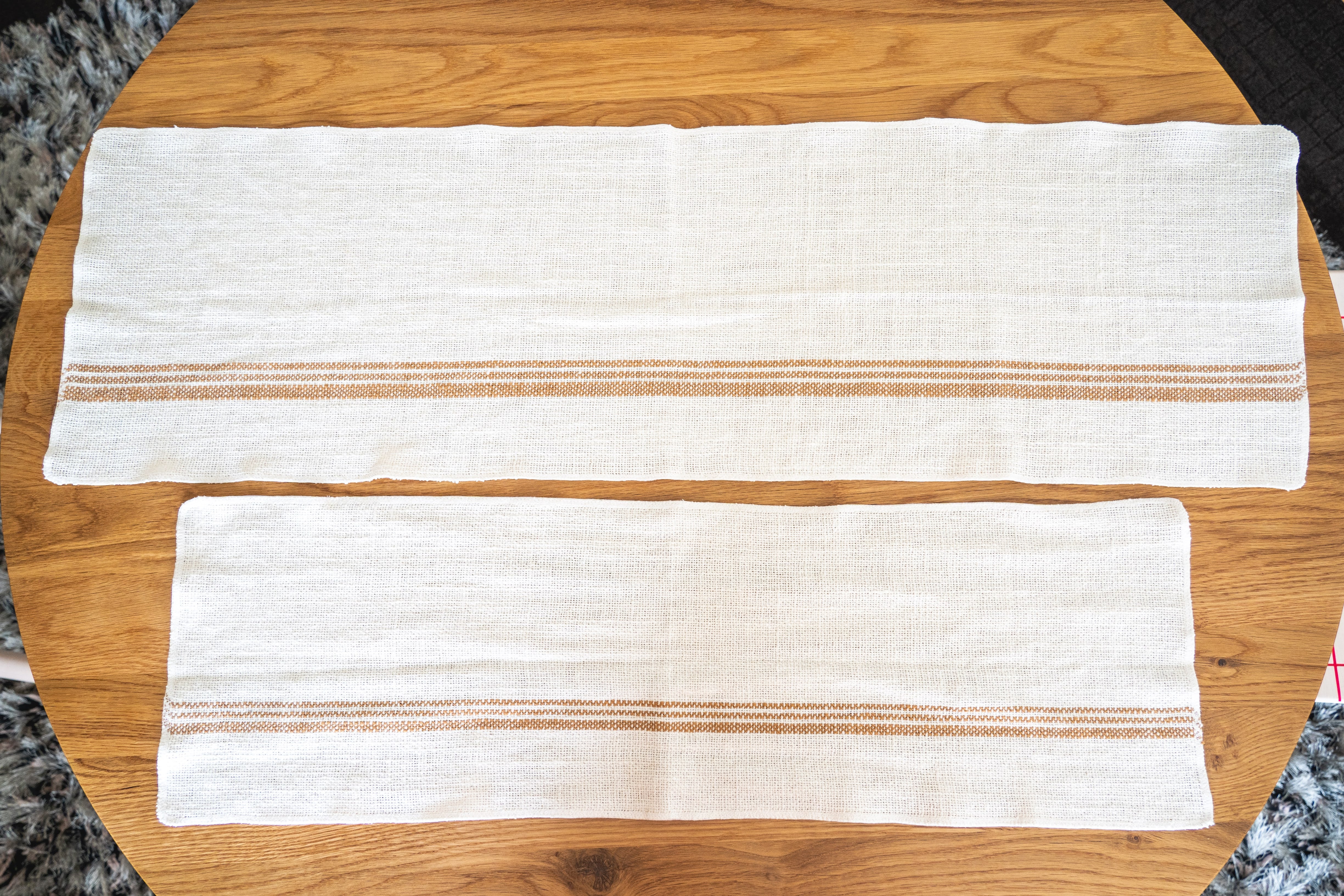 写真上が、30×100cmのクロスで、写真下が、本商品(25×80cm)のクロスです。
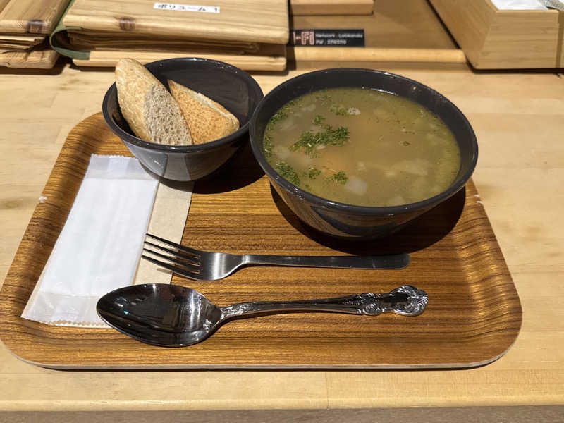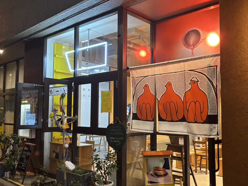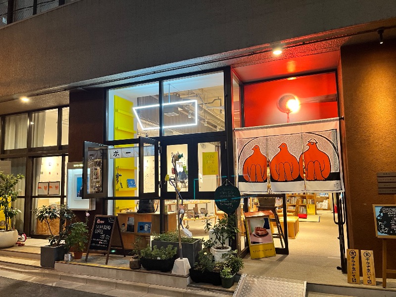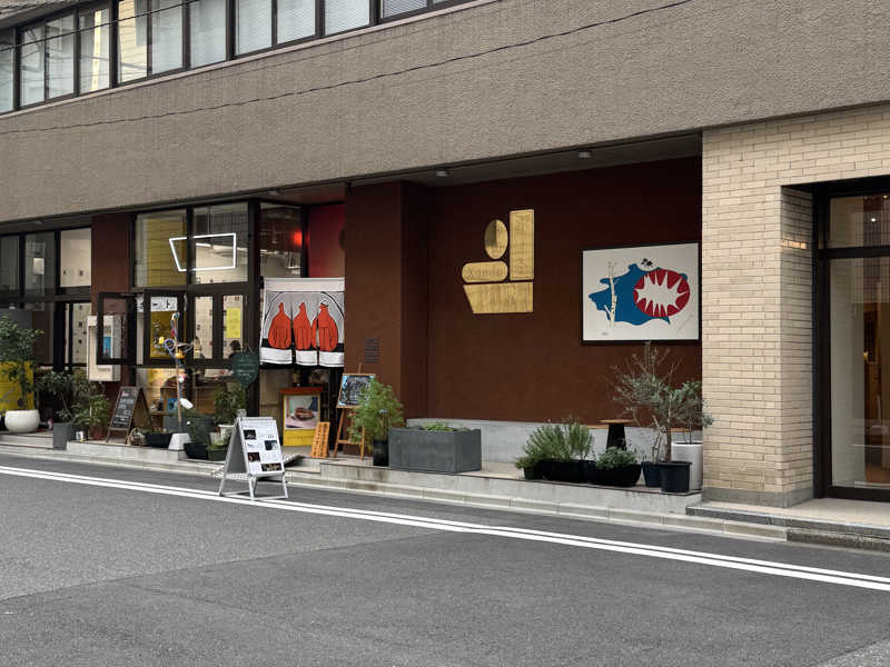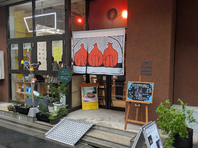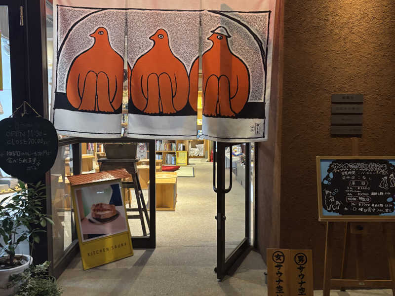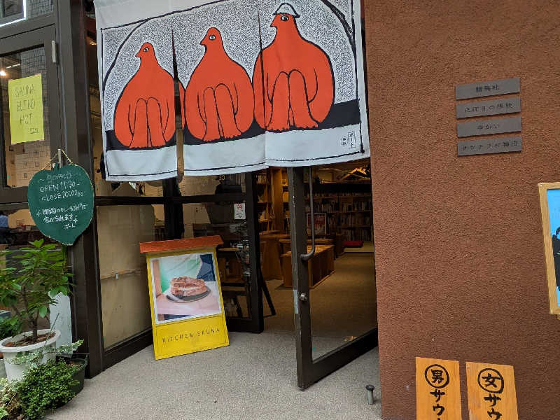 ようやく到着し暖簾をくぐって建物にイン。ぱっと見で既におしゃれな作り。建物の1階は「ほぼ日」とコラボした商品等も取り扱うカフェ「KITCHEN SAUNA」だそうで、私が到着した時も沢山の人で賑わってました。1階は後で見ようと思い、まずはサウナ受付を探すと、受付は階段を降りた地階にある様で勇んで降ります。
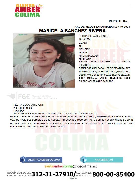 Manzanillo, Colima. – Autoridades de Colima activaron la Alerta Amber por la desaparición de Maricela Sánchez Rivera de 16 años de edad, quien fue vista por última vez el pasado 6 de julio.
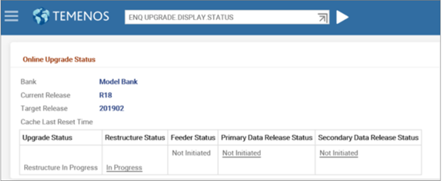 - After the release of primary data items, Primary Data Release Status changes to Completed and Upgrade Status changes to Secondary Records Release. This initiates the T24.UPGRADE service.
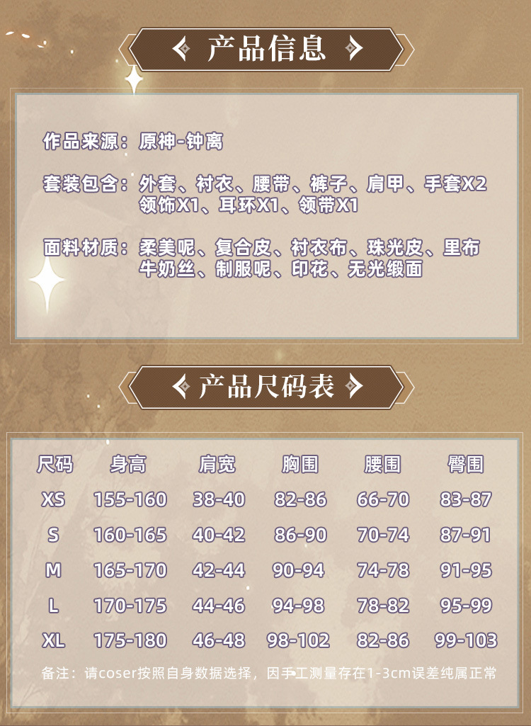 点雅Genshin原神cos钟离cos服游戏动漫套装cosplay服装男C服全套
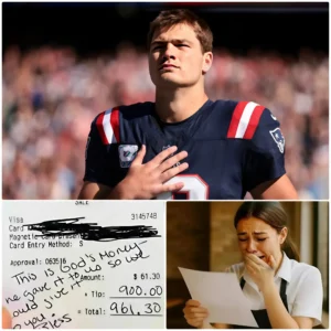 🚨 BREAKING NEWS: Lily, a 24-year-old waitress, had no idea she was serving New England Patriots QB Drake Maye. With his baseball cap low and a simple smile, Maye quietly dined, going unnoticed by most. But as he left, he left behind a small, folded note with a warm nod. Intrigued, Lily opened it — and within seconds, she was in tears. What Maye wrote wasn’t just a thank you; it was a life-changing message that left millions of fans, alongside Lily, overcome with emotion. The contents of that letter have left everyone stunned. 👇👇 👇
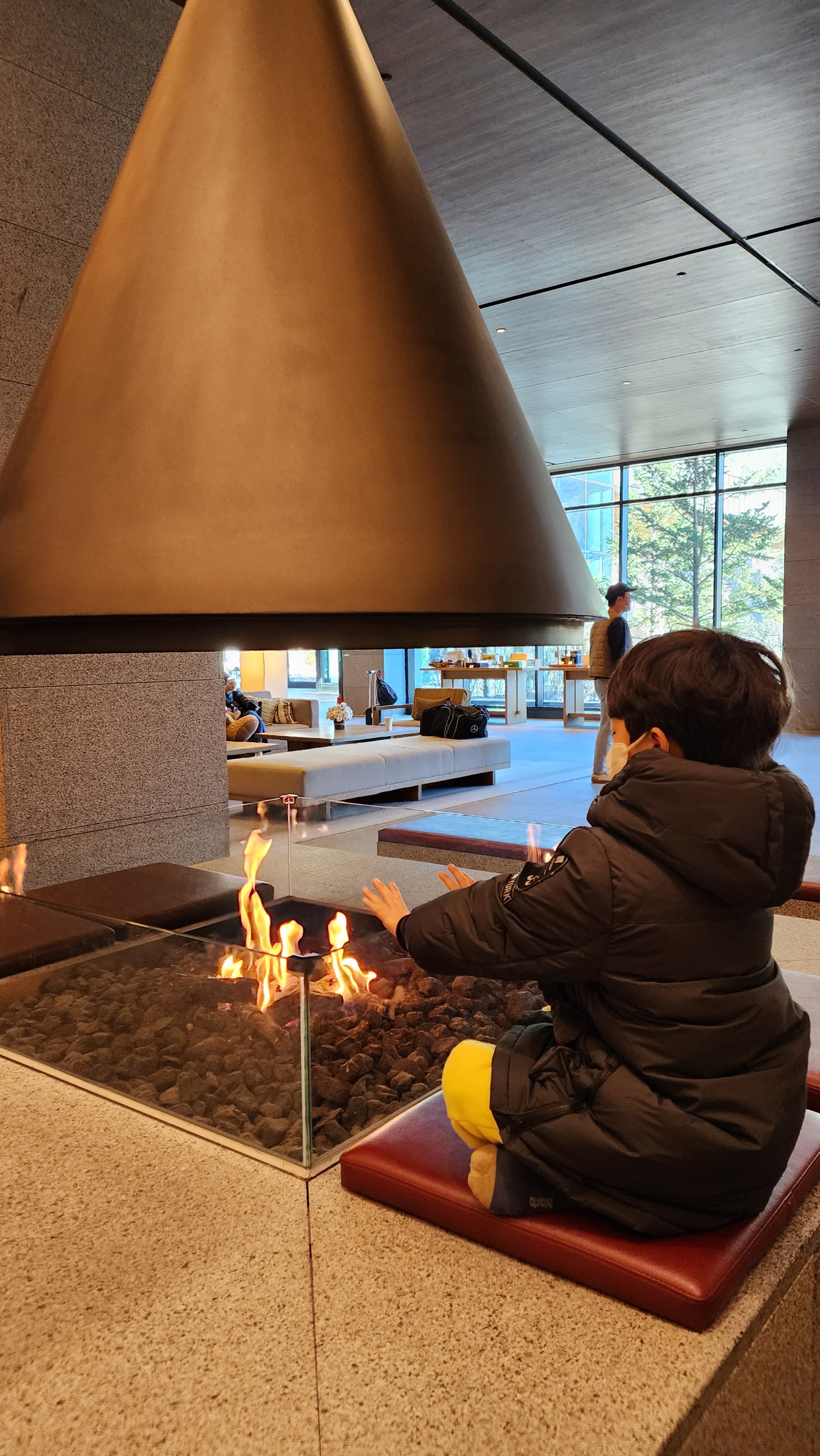 로비에 활활 타오르는 불꽃을 보며 불멍 할 수 있게 되어있어 좋았답니다.

+ + + + + + +

Please print the data above in its entirety, exactly, but without any picture.

 写真上が、30×100cmのクロスで、写真下が、本商品(25×80cm)のクロスです。
 ようやく到着し暖簾をくぐって建物にイン。ぱっと見で既におしゃれな作り。建物の1階は「ほぼ日」とコラボした商品等も取り扱うカフェ「KITCHEN SAUNA」だそうで、私が到着した時も沢山の人で賑わってました。1階は後で見ようと思い、まずはサウナ受付を探すと、受付は階段を降りた地階にある様で勇んで降ります。
 Manzanillo, Colima. – Autoridades de Colima activaron la Alerta Amber por la desaparición de Maricela Sánchez Rivera de 16 años de edad, quien fue vista por última vez el pasado 6 de julio.
 - After the release of primary data items, Primary Data Release Status changes to Completed and Upgrade Status changes to Secondary Records Release. This initiates the T24.UPGRADE service.
 点雅Genshin原神cos钟离cos服游戏动漫套装cosplay服装男C服全套
 🚨 BREAKING NEWS: Lily, a 24-year-old waitress, had no idea she was serving New England Patriots QB Drake Maye. With his baseball cap low and a simple smile, Maye quietly dined, going unnoticed by most. But as he left, he left behind a small, folded note with a warm nod. Intrigued, Lily opened it — and within seconds, she was in tears. What Maye wrote wasn’t just a thank you; it was a life-changing message that left millions of fans, alongside Lily, overcome with emotion. The contents of that letter have left everyone stunned. 👇👇 👇
 로비에 활활 타오르는 불꽃을 보며 불멍 할 수 있게 되어있어 좋았답니다.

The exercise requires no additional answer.